▶ _PROBLEM DETAILS_: Shown below are entries with pictures; the line with "The WoodyWay wooden" through the line with "24直播网1月17日讯 CB" is the span to retype exactly, and the pictures stay out.

▶ _EXTRACTED INFORMATION_:
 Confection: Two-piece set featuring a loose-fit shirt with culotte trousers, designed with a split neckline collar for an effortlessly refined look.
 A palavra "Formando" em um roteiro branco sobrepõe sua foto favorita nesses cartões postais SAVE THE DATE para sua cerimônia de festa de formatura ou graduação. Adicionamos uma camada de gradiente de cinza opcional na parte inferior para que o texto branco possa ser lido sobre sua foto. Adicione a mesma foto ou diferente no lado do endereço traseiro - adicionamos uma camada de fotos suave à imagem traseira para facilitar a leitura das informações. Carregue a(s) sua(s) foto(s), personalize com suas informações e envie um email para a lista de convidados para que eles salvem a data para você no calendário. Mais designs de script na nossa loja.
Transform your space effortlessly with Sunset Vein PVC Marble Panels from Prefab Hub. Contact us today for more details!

---

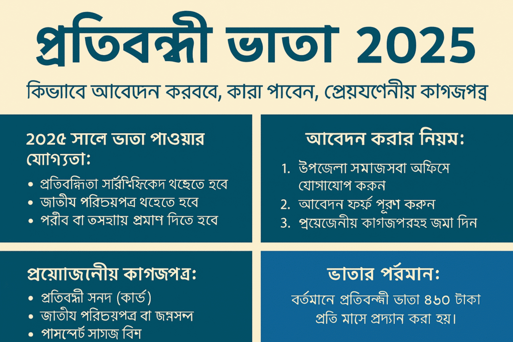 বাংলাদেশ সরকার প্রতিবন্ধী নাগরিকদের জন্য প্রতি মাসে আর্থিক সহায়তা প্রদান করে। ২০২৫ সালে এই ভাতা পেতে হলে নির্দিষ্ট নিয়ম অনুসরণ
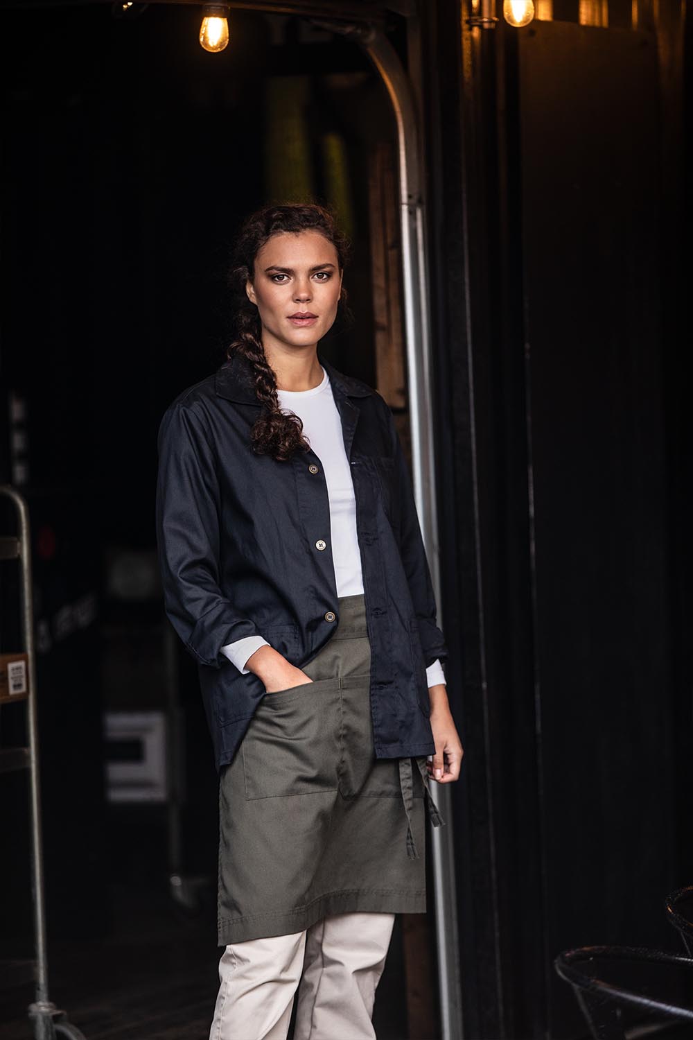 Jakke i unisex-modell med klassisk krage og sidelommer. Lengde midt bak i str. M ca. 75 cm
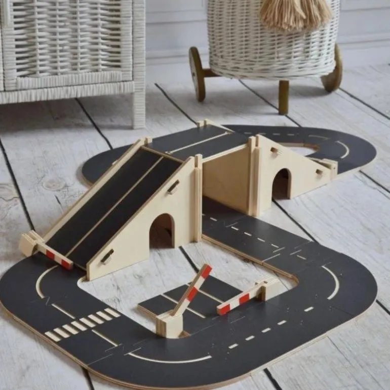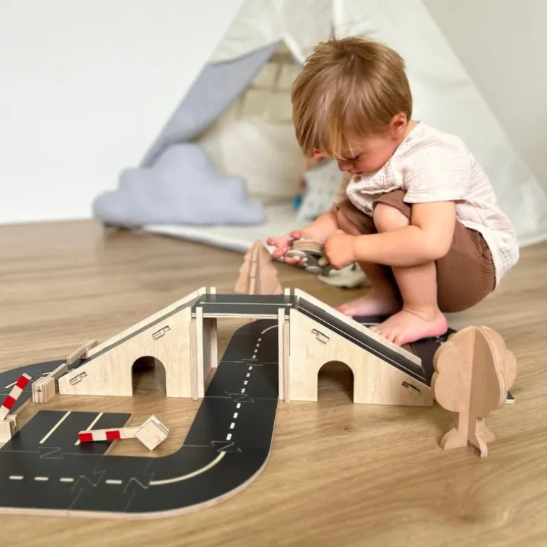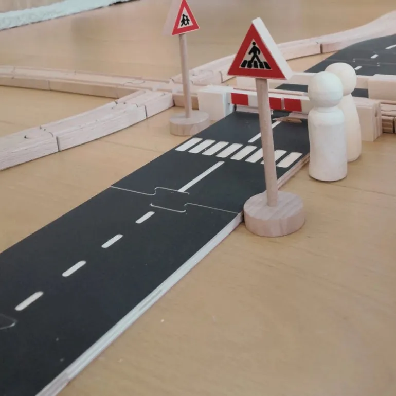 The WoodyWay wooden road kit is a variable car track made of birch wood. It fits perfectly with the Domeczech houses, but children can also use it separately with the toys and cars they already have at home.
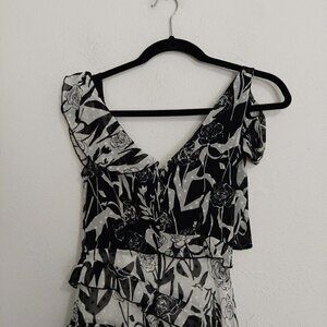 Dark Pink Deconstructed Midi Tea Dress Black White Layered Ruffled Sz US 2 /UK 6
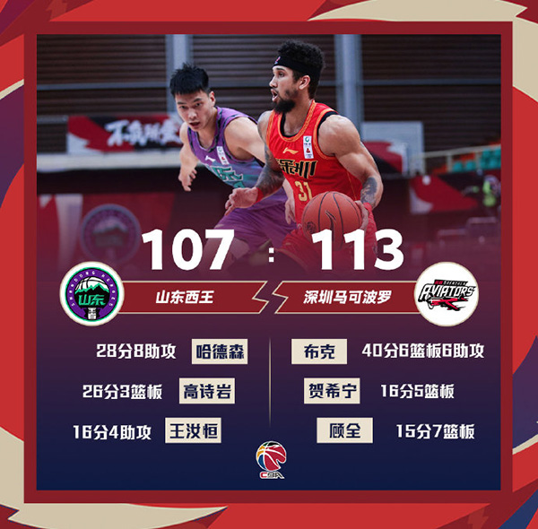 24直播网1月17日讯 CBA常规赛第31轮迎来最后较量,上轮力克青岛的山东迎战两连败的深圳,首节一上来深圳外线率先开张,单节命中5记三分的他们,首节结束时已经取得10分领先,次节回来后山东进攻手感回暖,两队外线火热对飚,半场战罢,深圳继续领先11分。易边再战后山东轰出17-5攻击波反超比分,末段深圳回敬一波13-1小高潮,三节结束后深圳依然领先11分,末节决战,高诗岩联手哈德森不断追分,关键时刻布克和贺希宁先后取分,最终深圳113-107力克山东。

▶ _EXERCISE SOLUTION_:
 The WoodyWay wooden road kit is a variable car track made of birch wood. It fits perfectly with the Domeczech houses, but children can also use it separately with the toys and cars they already have at home.
 Dark Pink Deconstructed Midi Tea Dress Black White Layered Ruffled Sz US 2 /UK 6
 24直播网1月17日讯 CBA常规赛第31轮迎来最后较量,上轮力克青岛的山东迎战两连败的深圳,首节一上来深圳外线率先开张,单节命中5记三分的他们,首节结束时已经取得10分领先,次节回来后山东进攻手感回暖,两队外线火热对飚,半场战罢,深圳继续领先11分。易边再战后山东轰出17-5攻击波反超比分,末段深圳回敬一波13-1小高潮,三节结束后深圳依然领先11分,末节决战,高诗岩联手哈德森不断追分,关键时刻布克和贺希宁先后取分,最终深圳113-107力克山东。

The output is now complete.